Problem 4: Calculate the correlation coefficient for the following data:
X= 12, 10, 42, 27,35,56
and
Y = 13, 15, 56, 34,65,26
Solution:
Given variables are,
X= 12, 10, 42, 27,35,56
and
Y = 13, 15, 56, 34,65,26
To, find the correlation coefficient of the following variables Firstly a table is to be constructed as follows, to get the values required in the formula also add all the values in the columns to get the values used in the formula
X | Y | XY | X² | Y² |
12 | 13 | 156 | 144 | 169 |
10 | 15 | 150 | 100 | 225 |
42 | 56 | 2353 | 1764 | 3136 |
27 | 34 | 918 | 729 | 1156 |
35 | 65 | 2275 | 1225 | 4225 |
56 | 26 | 1456 | 3136 | 676 |
∑182 | ∑209 | ∑7307 | ∑7098 | ∑9587 |
∑xy= 7307
∑x=182
∑y=209
∑x² =7098
∑y² =9587
n =6
Put all the values in the Pearson’s correlation coefficient formula:-
R= n(∑xy) – (∑x)(∑y) / √ [n∑x²-(∑x)²][n∑y²-(∑y)²
R= 6(7307) – (182)(209) / √ [6(7098)-(182)²][6(9587)-(209)²]
R= 5804 / √[9464][13841]
R= 5804/11445.139
R=0.5071
It shows that the relationship between the variables of the data is a strong positive relationship.
Problem 5: There is some correlation coefficient that was given to tell whether the variables are positive or negative?
0.69
0.42
-0.23
-0.99
Solution:
The given correlation coefficient is as follows:
0.64
0.46
-0.29
-0.95
Tell whether the relationship is negative or positive
0.64
The relationship between the variables is a strong positive relationship
0.46
The relationship between the variables is a strong positive relationship
-0.29
The relationship between the variables is a weak negative relationship
-0.95
The relationship between the variables is a very strong negative relationship.

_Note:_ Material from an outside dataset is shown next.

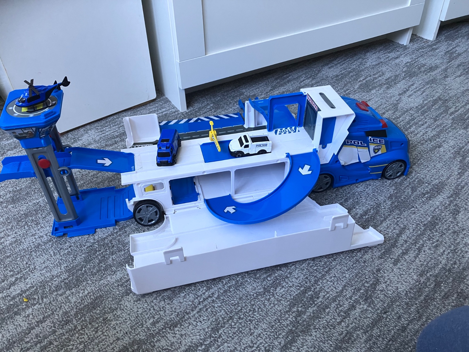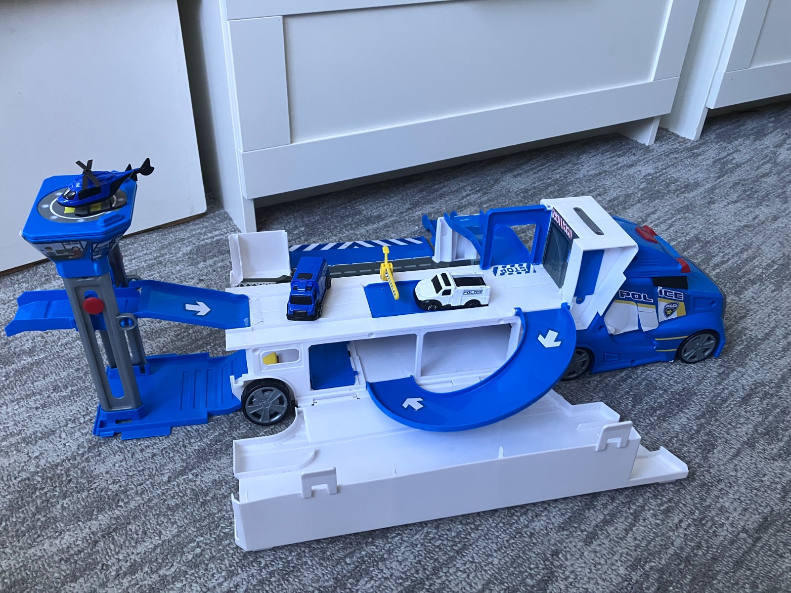 Rozkladacie policajné auto / kamión. Zvuky a svetlá po stlačení tlačidla. Vrátane dvoch autíčok a vrtulníka. Všetko sa skladá do vnútra kamiónu.
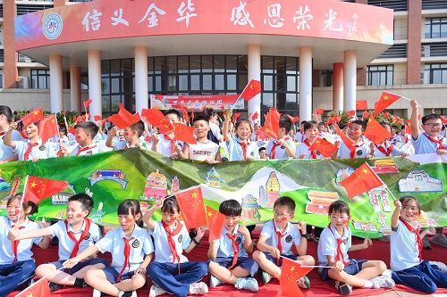 9月29日上午,金华市荣光学校小广场上举行三四年级学生庆祝新中国成立75周年绘画专场——“百米长卷绘祖国”活动。

Problem 6: Calculate the correlation coefficient for the following data:
X = 10, 13, 15 ,17 ,19
and
Y = 5,10,15,20,25.
Solution:
Given variables are,
X = 10, 13, 15 ,17 ,19
and
Y = 5,10,15,20,25.
To, find the correlation coefficient of the following variables Firstly a table is to be constructed as follows, to get the values required in the formula also add all the values in the columns to get the values used in the formula.
X | Y | XY | X² | Y² |
10 | 5 | 50 | 100 | 25 |
13 | 10 | 130 | 169 | 100 |
15 | 15 | 225 | 225 | 225 |
17 | 20 | 340 | 289 | 400 |
19 | 25 | 475 | 361 | 625 |
∑74 | ∑75 | ∑1103 | ∑1144 | ∑1375 |
∑xy= 1103
∑x=74
∑y=75
∑x² =1144
∑y² =1375
n =5
Put all the values in the Pearson’s correlation coefficient formula:-
R= n(∑xy) – (∑x)(∑y) / √ [n∑x²-(∑x)²][n∑y²-(∑y)²
R= 5(1103) – (74)(75) / √ [5(1144)-(74)²][5(1375)-(75)²]
R= -35 / √[244][1250]
R= -35/552.26
R=0.0633
It shows that the relationship between the variables of the data is a negligible relationship.
Problem 7: Find the value of the correlation coefficient from the following table:
SUBJECT | AGE X | Weight Y |
1 | 40 | 99 |
2 | 25 | 79 |
3 | 22 | 69 |
4 | 54 | 89 |
Solution:
SUBJECT | AGE X | Weight Y | XY | X² | Y² |
1 | 40 | 99 | 3960 | 1600 | 9801 |
2 | 25 | 79 | 1975 | 625 | 6241 |
3 | 22 | 69 | 1518 | 484 | 4761 |
4 | 54 | 89 | 4806 | 2916 | 7921 |
∑ | 151 | 336 | 12259 | 5625 | 28724 |
∑xy= 12258
∑x=151
∑y=336
∑x² =5625
∑y² 28724
n =4
Put all the values in the Pearson’s correlation coefficient formula:-
R= n(∑xy) – (∑x)(∑y) / √ [n∑x²-(∑x)²][n∑y²-(∑y)²
R= 4(12258) – (151)(336) / √ [4(5625)-(151)²][4(28724)-(336)²]
R= -1704 / √ [-301][-2000]
R=-1704/775.886
R=-2.1961
It shows that the relationship between the variables of the data is a very strong negative relationship.